BACKGROUND
Delayed diagnosis and treatment of sexually transmitted infections (STIs) contributes to poorer health outcomes and onward transmission to sexual partners. Access to best practice sexual health care may be limited by barriers such as cost, distance to care providers, sexual stigma and trust in healthcare providers. Online assessments of risk offer a novel means of supporting access to evidence-based sexual health information, testing, and treatment by providing more individualized sexual health information based on user inputs.
OBJECTIVE
This developmental evaluation sought potential users' views and experiences in relation to an online assessment of risk, including the likely impacts of use.
METHODS
Individuals presenting with urogenital symptoms to a specialist sexual health clinic were given the opportunity to trial a web-based, Bayesian-powered tool that provides a list of two to four potential causes of their symptoms based on inputs of known STI risk factors and symptoms.
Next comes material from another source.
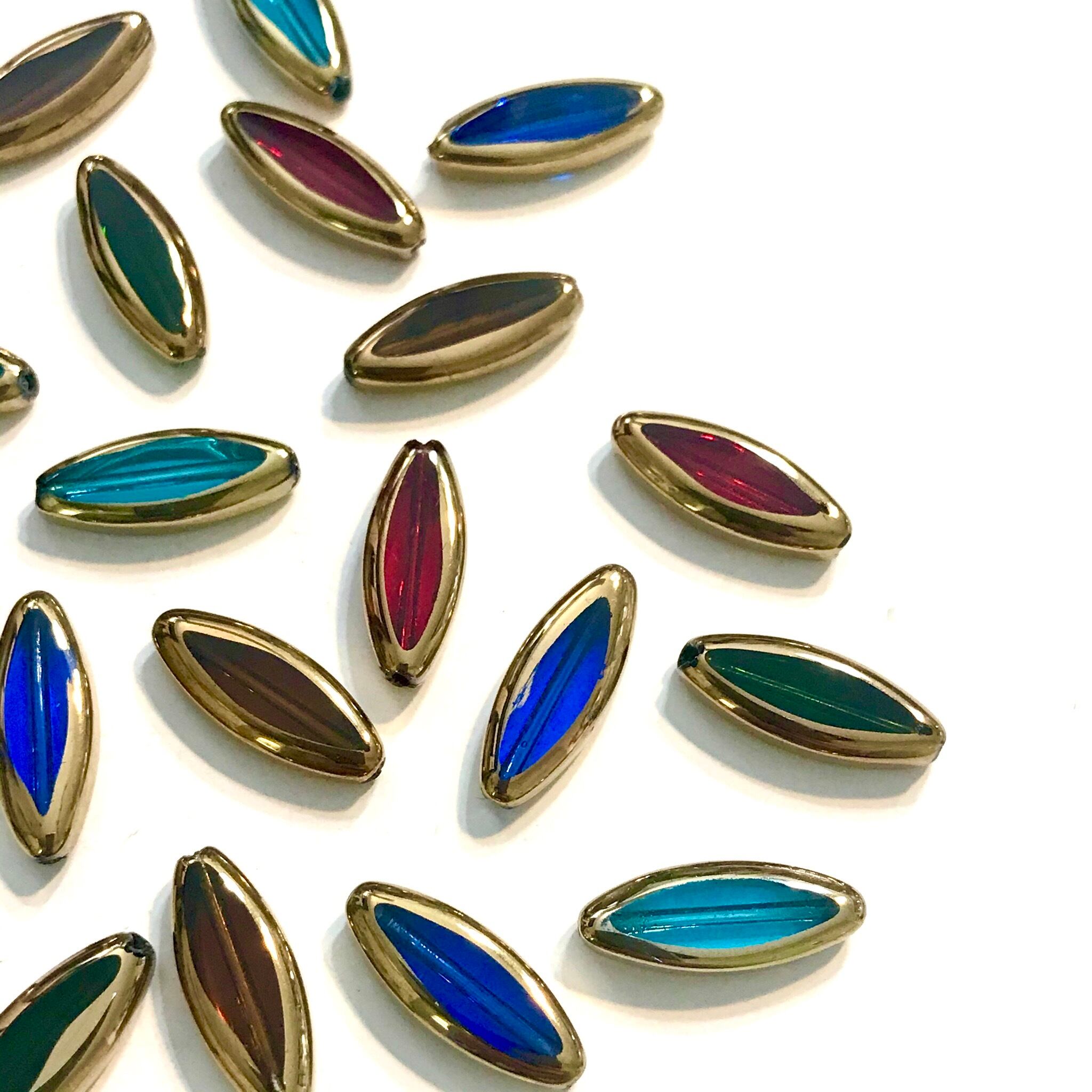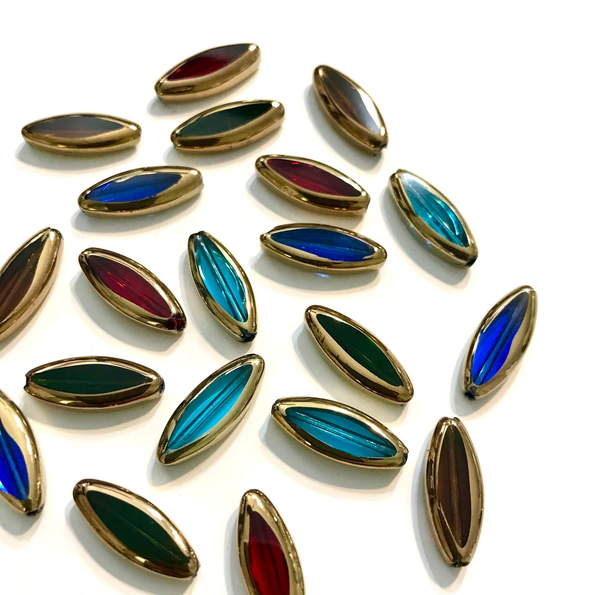 マーキス型のクリアガラスにゴールドエッジメッキ加工がされたヴィンテージスタイルのガラスビーズになります☆

Those who tried the tool were invited to participate in a once off, semi-structured research interview. Descriptive, action and emotion coding informed the comparative analysis of individual cases.
RESULTS
Findings support the superiority of the online assessment of STI risk compared to existing sources of sexual health information (e.g., internet search engines) in providing trusted and probabilistic information to users. Additionally, potential users reported benefits to their emotional wellbeing in the intervening period between noticing symptoms and being able to access care. Differences in current and imagined urgency of healthcare seeking and emotional impacts were found based on clinical diagnosis (e.g., non-STI, curable and incurable but treatable STIs) and whether participants were born in Australia or elsewhere.
CONCLUSIONS
Online assessments of risk provide users experiencing urogenital symptoms with more individualized and evidence-based health information that can inform their healthcare seeking and provide reassurance in the period before they can access care.